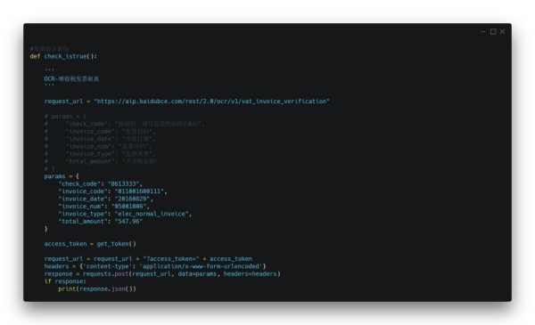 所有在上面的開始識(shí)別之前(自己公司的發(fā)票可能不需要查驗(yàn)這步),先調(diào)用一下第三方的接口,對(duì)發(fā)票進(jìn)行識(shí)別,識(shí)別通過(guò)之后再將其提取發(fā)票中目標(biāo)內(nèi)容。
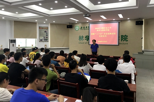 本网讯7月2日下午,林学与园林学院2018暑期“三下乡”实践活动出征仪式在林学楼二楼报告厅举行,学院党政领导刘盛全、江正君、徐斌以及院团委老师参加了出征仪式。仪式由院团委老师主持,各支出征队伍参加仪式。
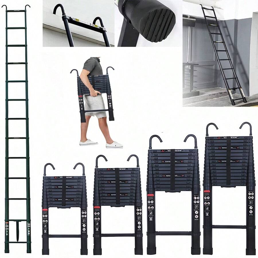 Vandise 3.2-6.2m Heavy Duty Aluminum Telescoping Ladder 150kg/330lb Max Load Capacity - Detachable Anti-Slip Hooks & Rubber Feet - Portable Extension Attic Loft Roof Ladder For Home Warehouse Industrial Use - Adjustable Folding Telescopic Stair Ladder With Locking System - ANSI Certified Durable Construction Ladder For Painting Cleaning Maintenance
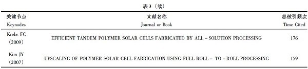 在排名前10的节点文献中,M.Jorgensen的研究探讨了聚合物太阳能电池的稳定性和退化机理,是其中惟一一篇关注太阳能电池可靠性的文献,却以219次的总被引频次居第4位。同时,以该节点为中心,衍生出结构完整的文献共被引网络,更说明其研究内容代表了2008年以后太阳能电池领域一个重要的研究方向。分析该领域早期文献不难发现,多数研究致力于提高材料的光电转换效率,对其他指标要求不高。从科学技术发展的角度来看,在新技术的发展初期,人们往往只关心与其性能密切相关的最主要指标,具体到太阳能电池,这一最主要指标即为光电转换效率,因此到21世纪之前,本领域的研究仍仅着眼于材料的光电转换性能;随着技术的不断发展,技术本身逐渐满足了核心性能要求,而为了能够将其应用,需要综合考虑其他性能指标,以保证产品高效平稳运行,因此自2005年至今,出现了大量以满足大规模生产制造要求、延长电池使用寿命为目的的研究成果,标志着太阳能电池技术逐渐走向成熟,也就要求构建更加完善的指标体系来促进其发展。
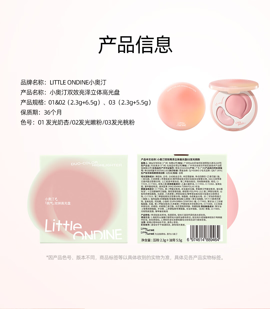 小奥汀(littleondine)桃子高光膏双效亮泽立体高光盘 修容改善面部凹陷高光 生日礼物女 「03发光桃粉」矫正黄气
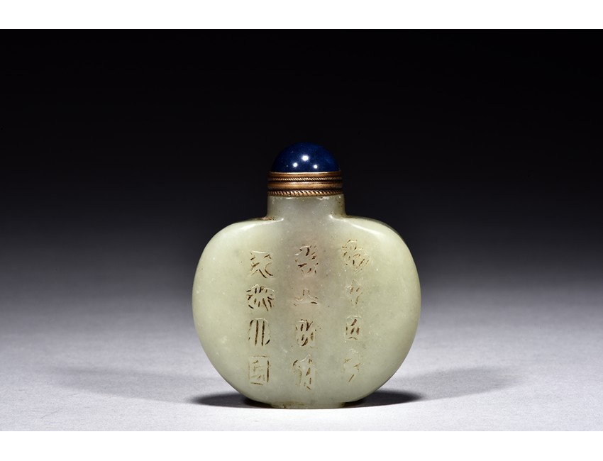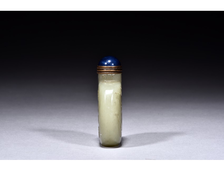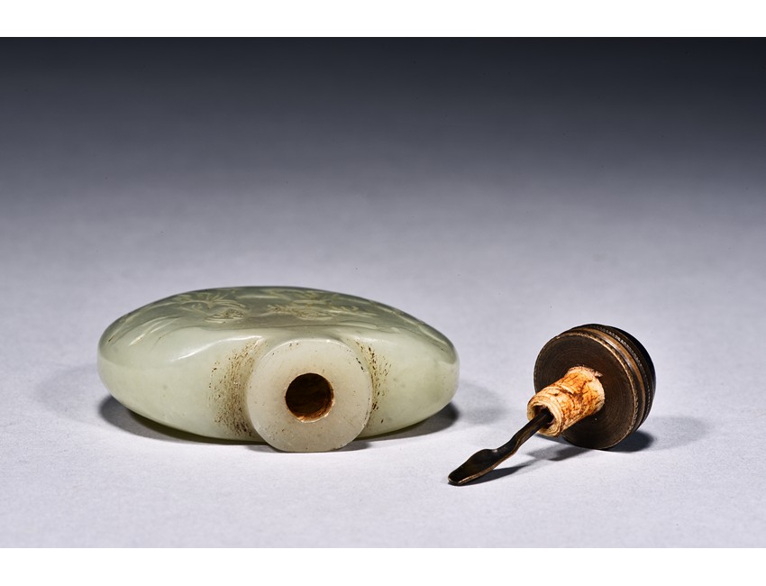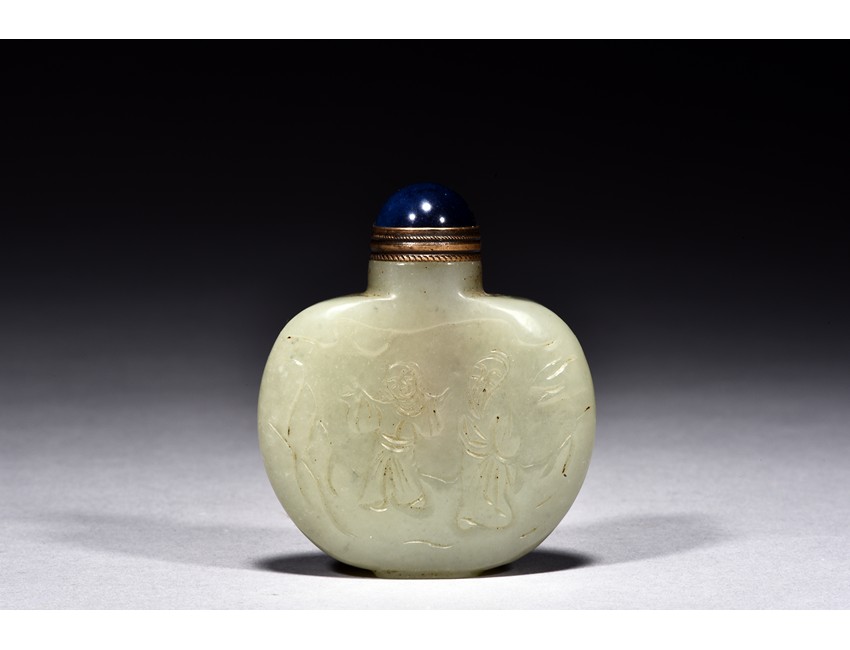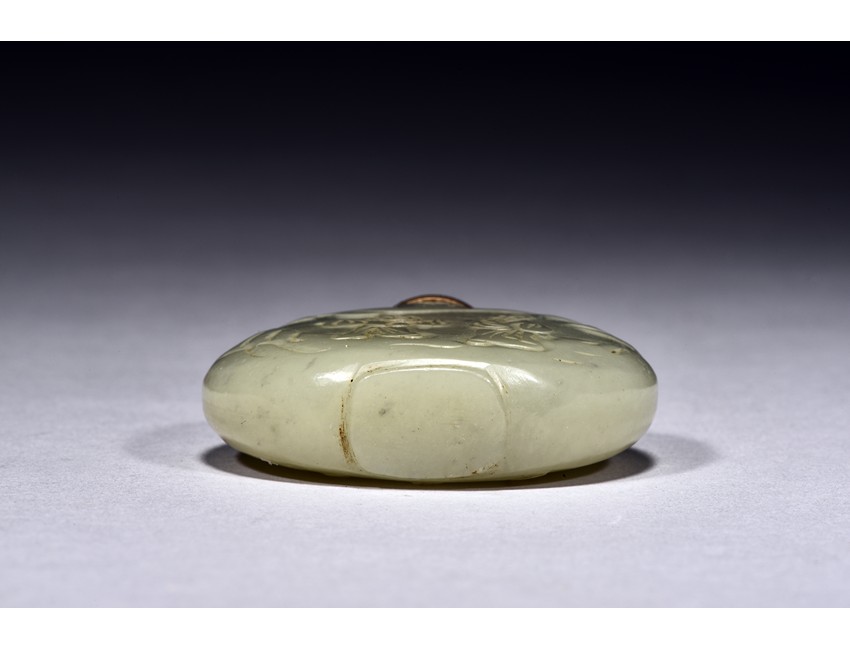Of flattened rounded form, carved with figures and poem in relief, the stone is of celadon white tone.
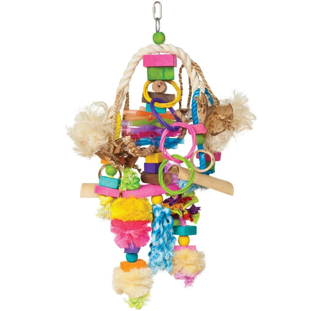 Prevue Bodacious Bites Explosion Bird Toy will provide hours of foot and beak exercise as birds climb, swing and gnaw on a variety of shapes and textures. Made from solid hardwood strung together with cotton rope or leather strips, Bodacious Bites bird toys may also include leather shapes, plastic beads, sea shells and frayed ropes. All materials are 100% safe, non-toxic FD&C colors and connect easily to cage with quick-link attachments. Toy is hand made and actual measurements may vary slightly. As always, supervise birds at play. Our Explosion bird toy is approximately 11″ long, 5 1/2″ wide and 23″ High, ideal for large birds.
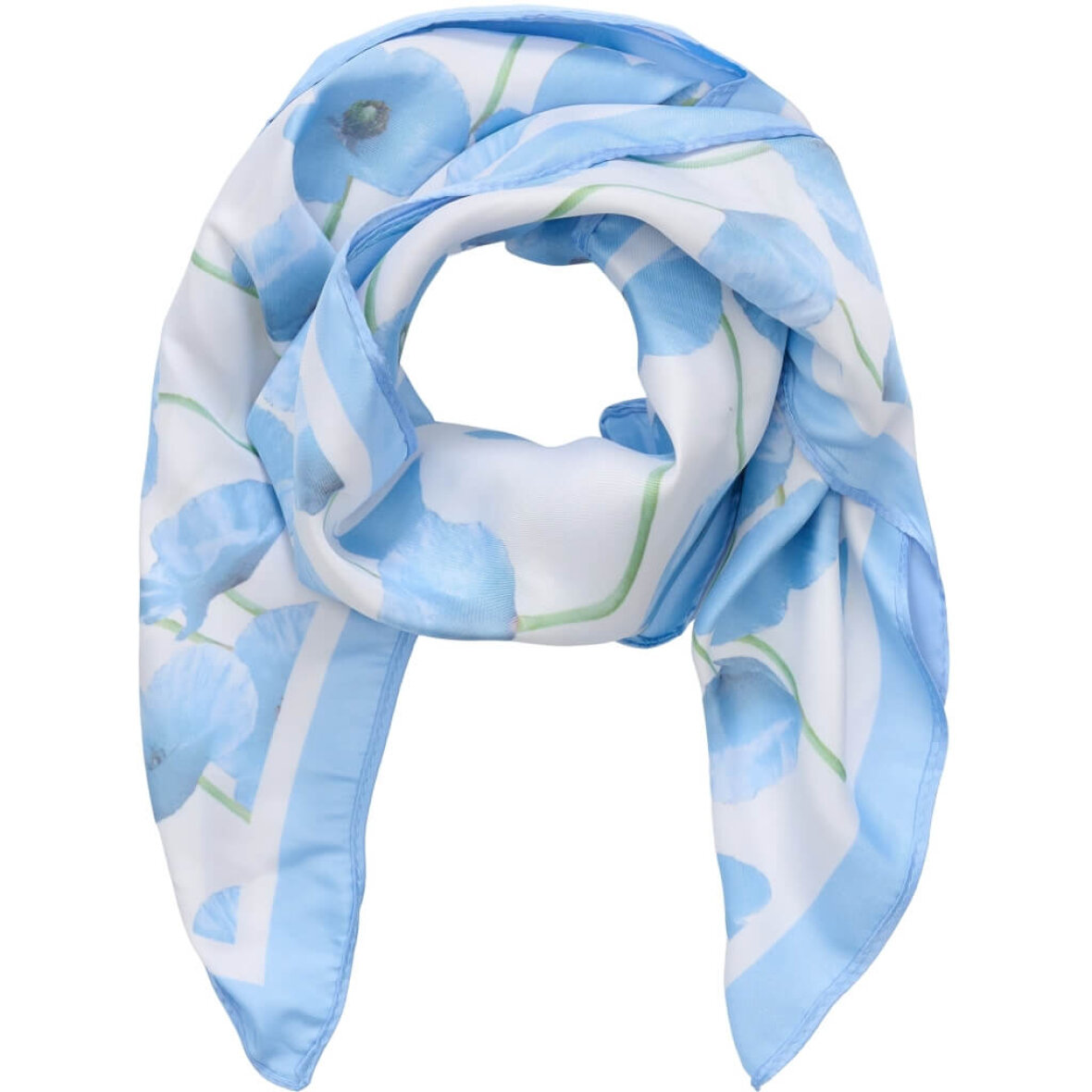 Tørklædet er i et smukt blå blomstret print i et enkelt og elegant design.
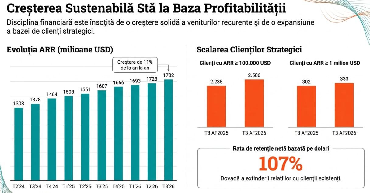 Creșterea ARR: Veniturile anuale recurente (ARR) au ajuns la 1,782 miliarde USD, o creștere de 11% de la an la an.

### TASK TO COMPLETE:
Copy exactly the lines that run from the line containing "Tørklædet er i" to the end of the data, keeping both end lines and dropping every picture.

### TASK SOLUTION:
 Tørklædet er i et smukt blå blomstret print i et enkelt og elegant design.
 Creșterea ARR: Veniturile anuale recurente (ARR) au ajuns la 1,782 miliarde USD, o creștere de 11% de la an la an.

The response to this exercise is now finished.